[Raw data]
------------------------------------------------------------------------
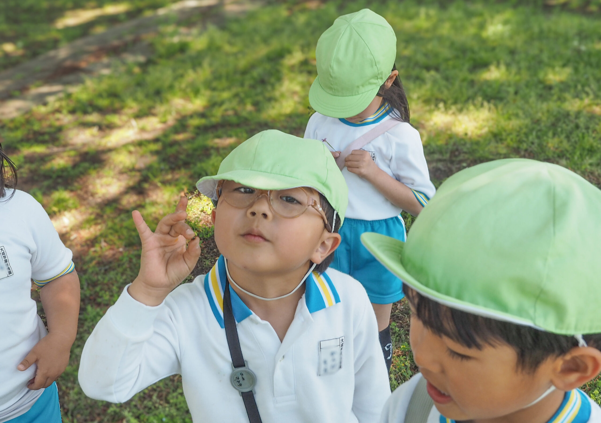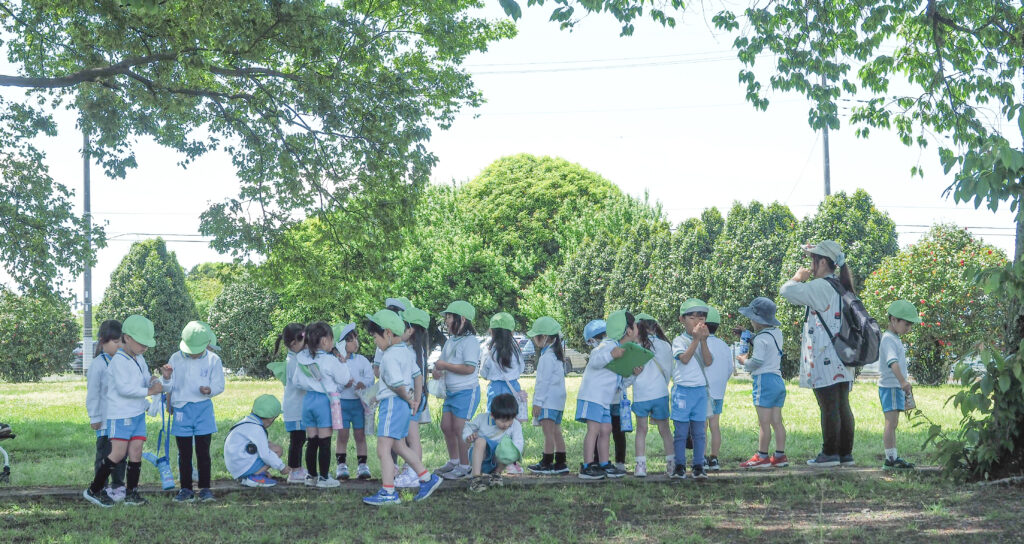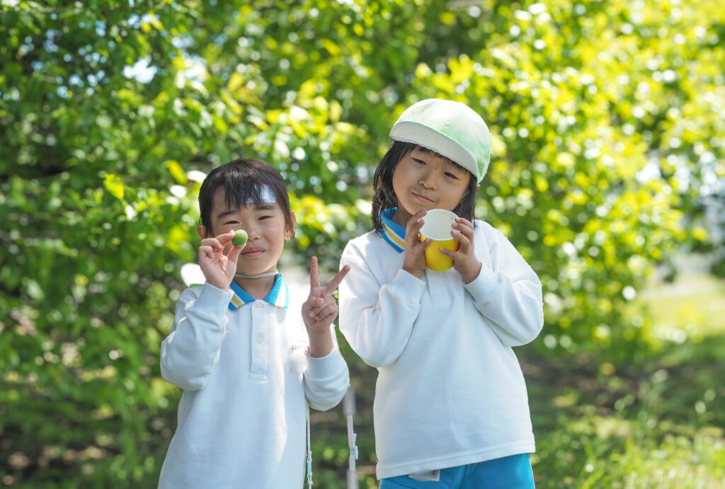 連休明けの爽やかな晴天の午前中、年長(5歳児)さんが昨日の風雨で落ちていた梅の実を拾っていました🍏
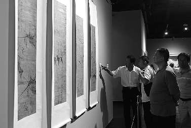 25日上午10时许,由中共东营市委宣传部主办的水墨传承--2011中国国画名家作品展在山东长青美术馆开展。此次展览汇集了郑板桥、于希宁、乍启典等40余位知名画家的120余幅作品。展览将持续16天,7月10日闭展。
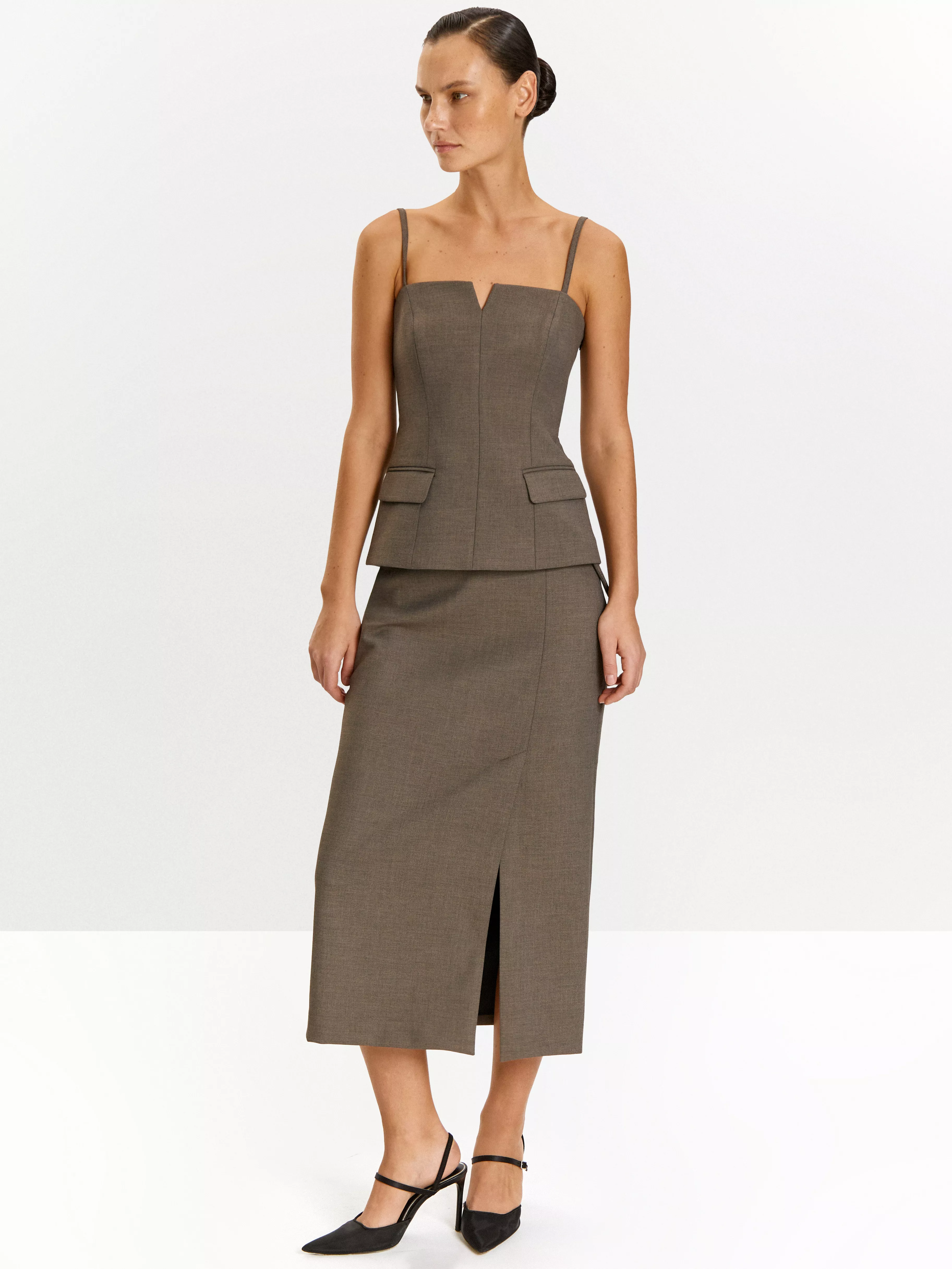 Юбка может стать частью универсальной капсулы с топом, жакетом и брюками choco.
------------------------------------------------------------------------
[Task]
Give back the data exactly, with no images.

[Output of the exercise]
 連休明けの爽やかな晴天の午前中、年長(5歳児)さんが昨日の風雨で落ちていた梅の実を拾っていました🍏
 25日上午10时许,由中共东营市委宣传部主办的水墨传承--2011中国国画名家作品展在山东长青美术馆开展。此次展览汇集了郑板桥、于希宁、乍启典等40余位知名画家的120余幅作品。展览将持续16天,7月10日闭展。
 Юбка может стать частью универсальной капсулы с топом, жакетом и брюками choco.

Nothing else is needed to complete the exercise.